Fibrin-mimetic matrix. (A) The matrix comprises two eight-arm PEG-peptide conjugates (PEG-plasmin/MMP-K and PEG-α₂PI_1–8), a cell-adhesion peptide (α₂PI_1–8-RGD), α₂PI_1–8-Fg β15–66₍₂₎, and GF(s). Through the transglutaminase factor XIIIa, peptide bounds are formed between the first glutamine in α₂PI_1–8 (NQEQVSPL) and the lysine in PEG-plasmin/MMP-K, resulting in simultaneous cross-linking and functionalization of the matrix. (B) Retention of fibrin-binding GFs in fibrin-mimetic matrix functionalized with α₂PI_1–8-Fg β15–66₍₂₎. The graph shows the cumulative release of GFs and α₂PI_1–8-Fg β15–66₍₂₎ over 7 d. Fractions of GFs remaining in the matrices were quantified after the matrix was digested by plasmin (n = 3; mean ± SEM). (C–E) Delivering GFs within the fibrin-mimetic matrix functionalized with α₂PI_1–8-Fg β15–66₍₂₎ enhances skin wound healing in diabetic mice. Full-thickness back skin wounds were treated with FGF-2 and/or PlGF-2 (200 ng of each per wound). Twelve groups were tested: no treatment (no matrix); fibrin only or fibrin containing FGF-2 and/or PlGF-2; PEG matrix (with plasmin/MMP-sensitive and RGD peptides) or PEG matrix containing FGF-2 and PlGF-2; PEG matrix functionalized with α₂PI_1–8-Fg β15–66₍₂₎ or PEG matrix functionalized with α₂PI_1–8-Fg β15–66₍₂₎ containing FGF-2 and/or PlGF-2; and PEG matrix functionalized with α₂PI_1–8-Fg β15–66₍₂₎ containing FGF-2 and PlGF-2 but without RGD (−RGD). (C and D) After 10 d, wound closure and granulation tissue area were evaluated by histological analysis. All points are mean ± SEM (n = 8 per matrix). Statistical comparisons were done using ANOVA with Tukey’s test. *P < 0.05; **P < 0.01. (E) Representative histology (H&E staining).

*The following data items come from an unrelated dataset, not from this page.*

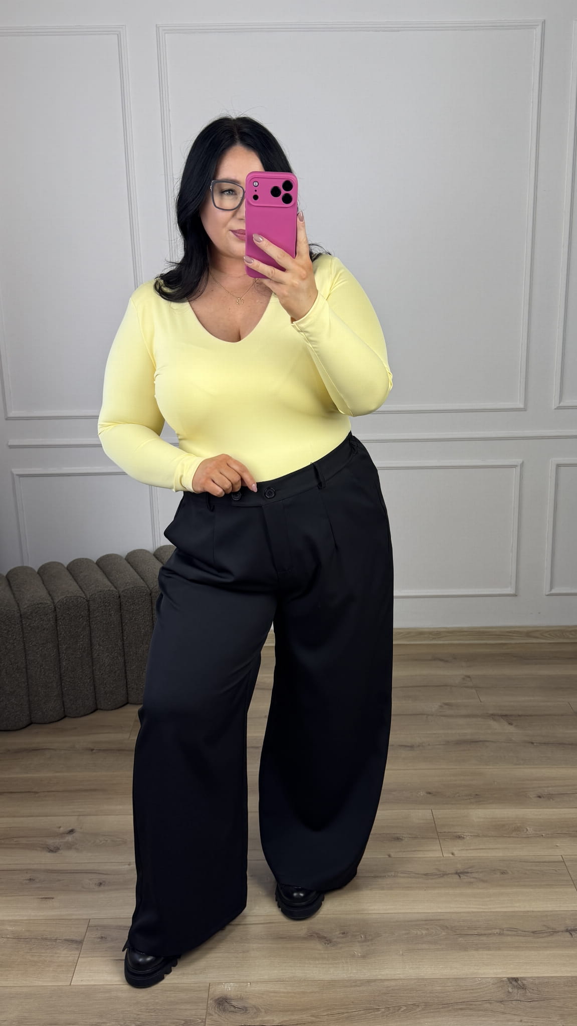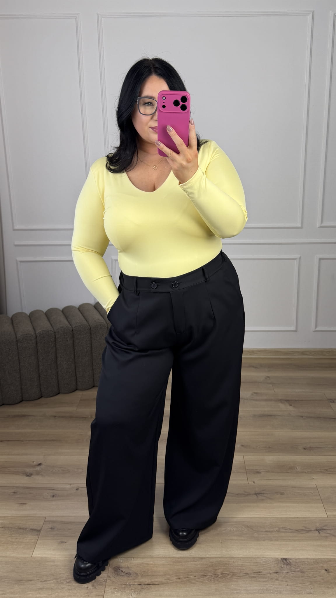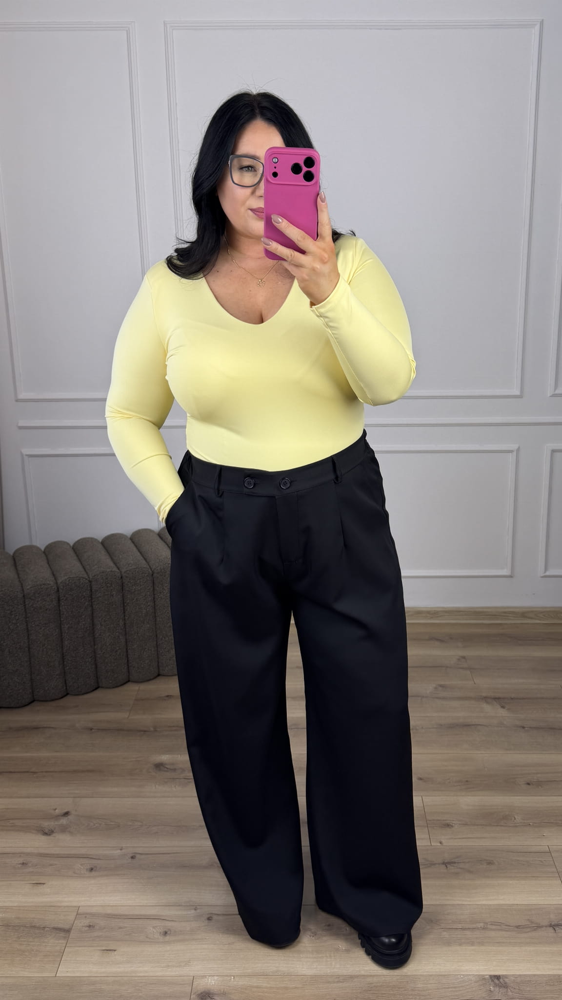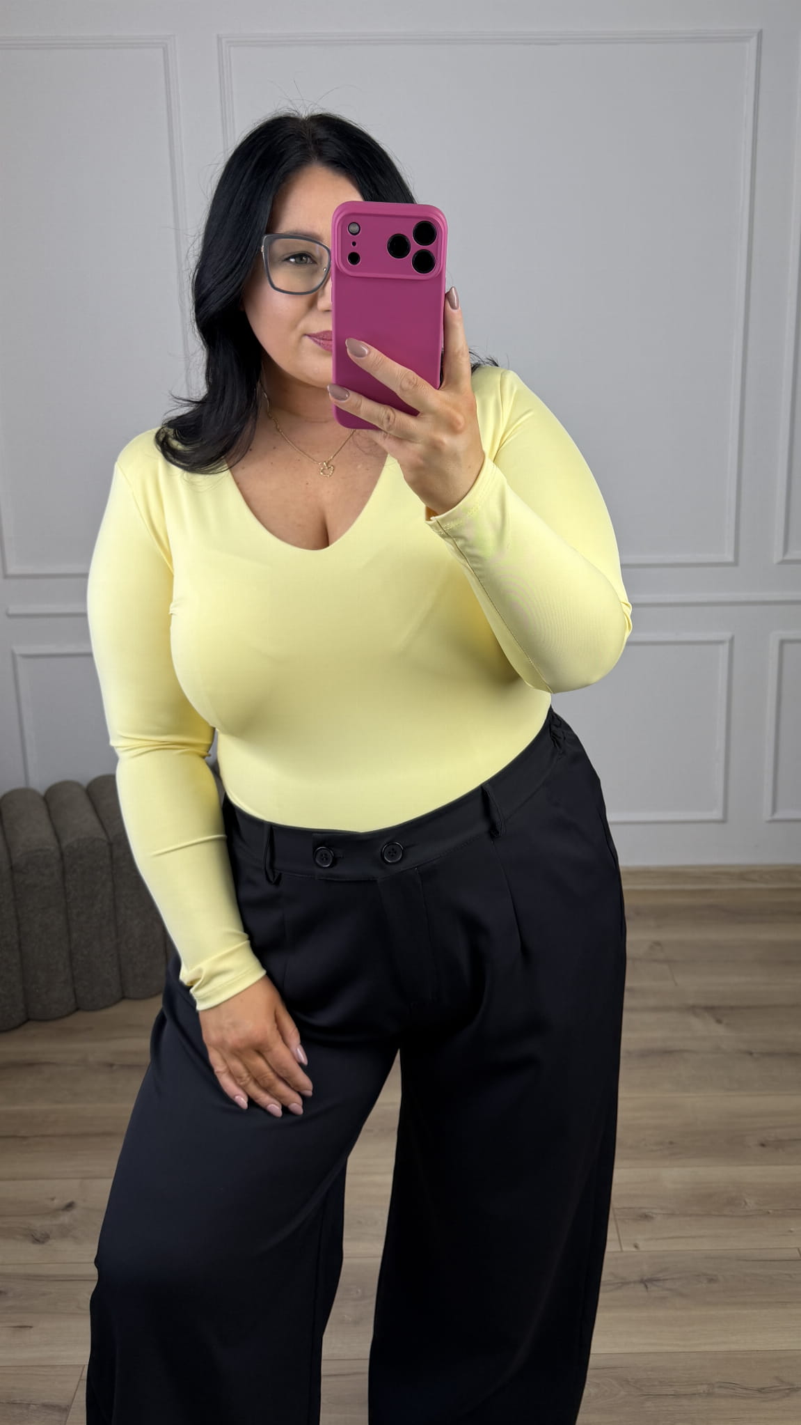 Body typu druga skóra - idealnie dopasowuje się do ciała. Body posiada dekolt w serek oraz poduszki na ramionach. Body zapinane na haftki. Body posiada długi rękaw. Body idealnie sprawdzi się osobno np. do spodni z wysokim stanem czy spódnicy jak i również jako basic pod marynarkę.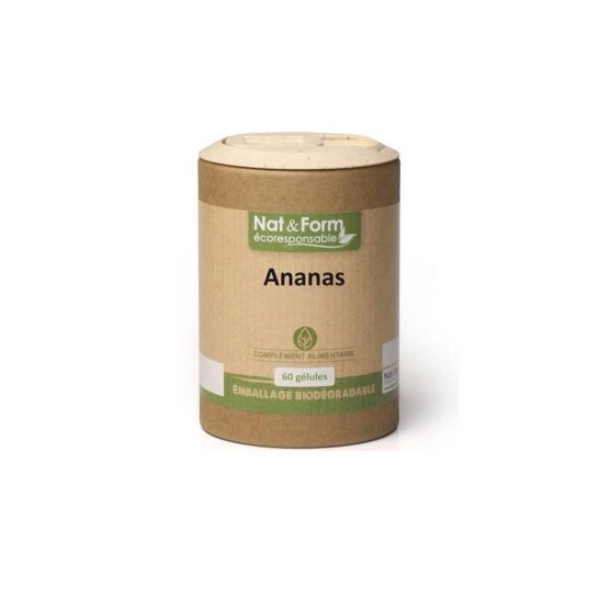 Nat&Form Eco Pineapple Gelveg60 es un complemento alimenticio diseñado para favorecer la digestión y el bienestar digestivo de manera natural. Su fórmula contiene extracto de piña, ideal para quienes buscan mejorar el confort tras comidas pesadas o digestiones lentas, contribuyendo a mantener una función digestiva adecuada.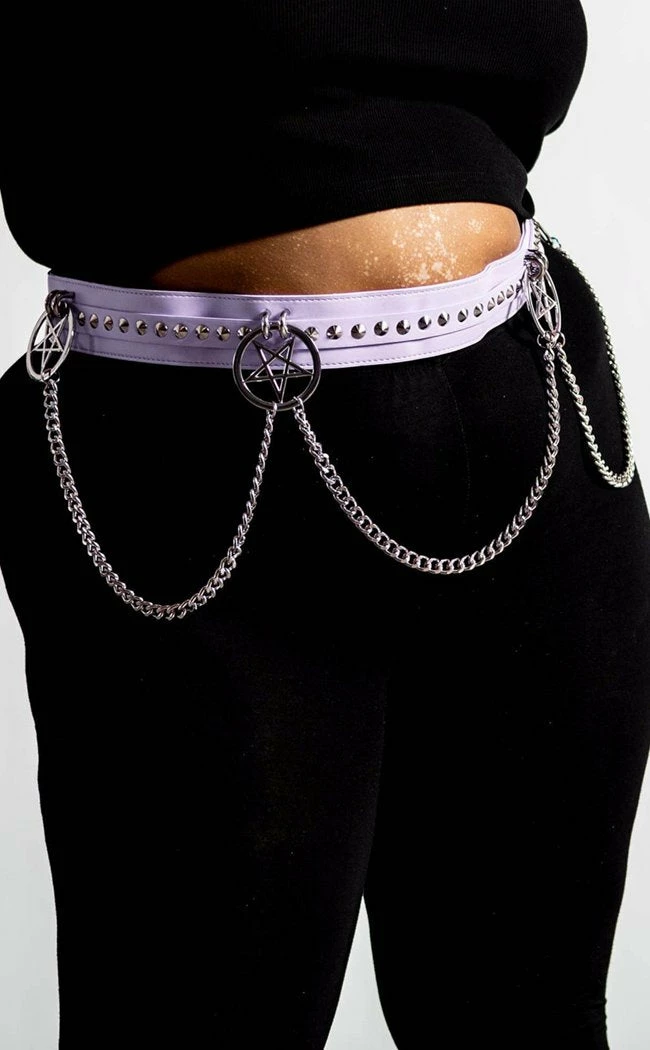 Get in on the drama with this xxxtra belt!Β The thick double layer of vegan leather is studded all the way to hell.Β Pentagram charms and chains drape from the centre in its crowning glory.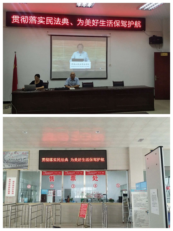 7月14日,岳西分公司在車站站前廣場電子屏幕上滾動播放了“貫徹落實民法典,為美好生活保駕護(hù)航”等宣傳標(biāo)語。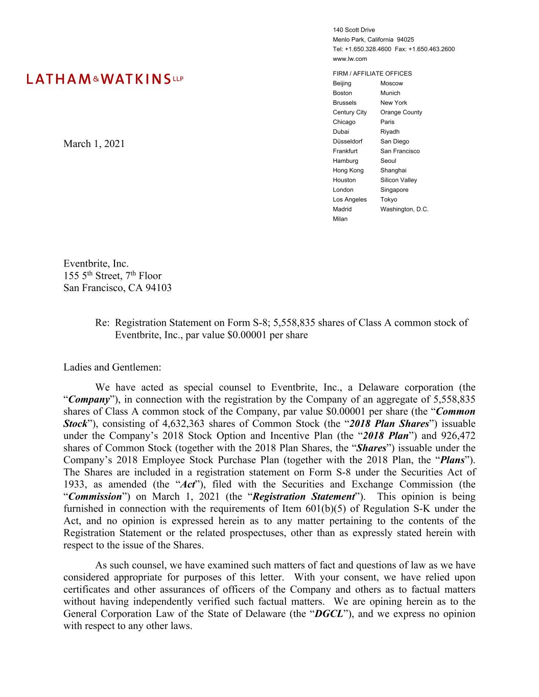 140 Scott Drive Menlo Park, California 94025 Tel: +1.650.328.4600 Fax: +1.650.463.2600 www.lw.com FIRM / AFFILIATE OFFICES Beijing Moscow Boston Munich Brussels New York Century City Orange County Chicago Paris Dubai Riyadh Düsseldorf San Diego Frankfurt San Francisco Hamburg Seoul Hong Kong Shanghai Houston Silicon Valley London Singapore Los Angeles Tokyo Madrid Washington, D.C. Milan March 1, 2021 Eventbrite, Inc. 155 5th Street, 7th Floor San Francisco, CA 94103 Re: Registration Statement on Form S-8; 5,558,835 shares of Class A common stock of Eventbrite, Inc., par value $0.00001 per share Ladies and Gentlemen: We have acted as special counsel to Eventbrite, Inc., a Delaware corporation (the “Company”), in connection with the registration by the Company of an aggregate of 5,558,835 shares of Class A common stock of the Company, par value $0.00001 per share (the “Common Stock”), consisting of 4,632,363 shares of Common Stock (the “2018 Plan Shares”) issuable under the Company’s 2018 Stock Option and Incentive Plan (the “2018 Plan”) and 926,472 shares of Common Stock (together with the 2018 Plan Shares, the “Shares”) issuable under the Company’s 2018 Employee Stock Purchase Plan (together with the 2018 Plan, the “Plans”). The Shares are included in a registration statement on Form S-8 under the Securities Act of 1933, as amended (the “Act”), filed with the Securities and Exchange Commission (the “Commission”) on March 1, 2021 (the “Registration Statement”). This opinion is being furnished in connection with the requirements of Item 601(b)(5) of Regulation S-K under the Act, and no opinion is expressed herein as to any matter pertaining to the contents of the Registration Statement or the related prospectuses, other than as expressly stated herein with respect to the issue of the Shares. As such counsel, we have examined such matters of fact and questions of law as we have considered appropriate for purposes of this letter. With your consent, we have relied upon certificates and other assurances of officers of the Company and others as to factual matters without having independently verified such factual matters. We are opining herein as to the General Corporation Law of the State of Delaware (the “DGCL”), and we express no opinion with respect to any other laws.

Black arrows indicate wound edges; red arrows indicate tips of epithelium tongue. The granulation tissue, stained in pink-violet, is characterized by a large number of cells (granulocytes) with nuclei that stain in dark violet. Muscle under the wounds is stained in red. Fat tissue appears as transparent bubbles. (Scale bar: 1 mm.) To the right are higher-magnification (5×) views of the granulation tissue.

Fig. 4.

Angiogenesis within the granulation tissue. Angiogenesis was revealed by staining for endothelial (CD31⁺) cells and smooth muscle (desmin-positive) cells. (A) Representative images are shown. GFs, FGF-2 + PlGF-2. E, epidermis; D, dermis. The hashed line indicates the basement membrane. (Scale bar: 0.2 mm.) (B and C) The graphs show quantification of stained areas for CD31 and desmin as well as the overlay (n ≥ 4; mean ± SEM). *P < 0.05; **P < 0.01; ***P < 0.001, Student t test.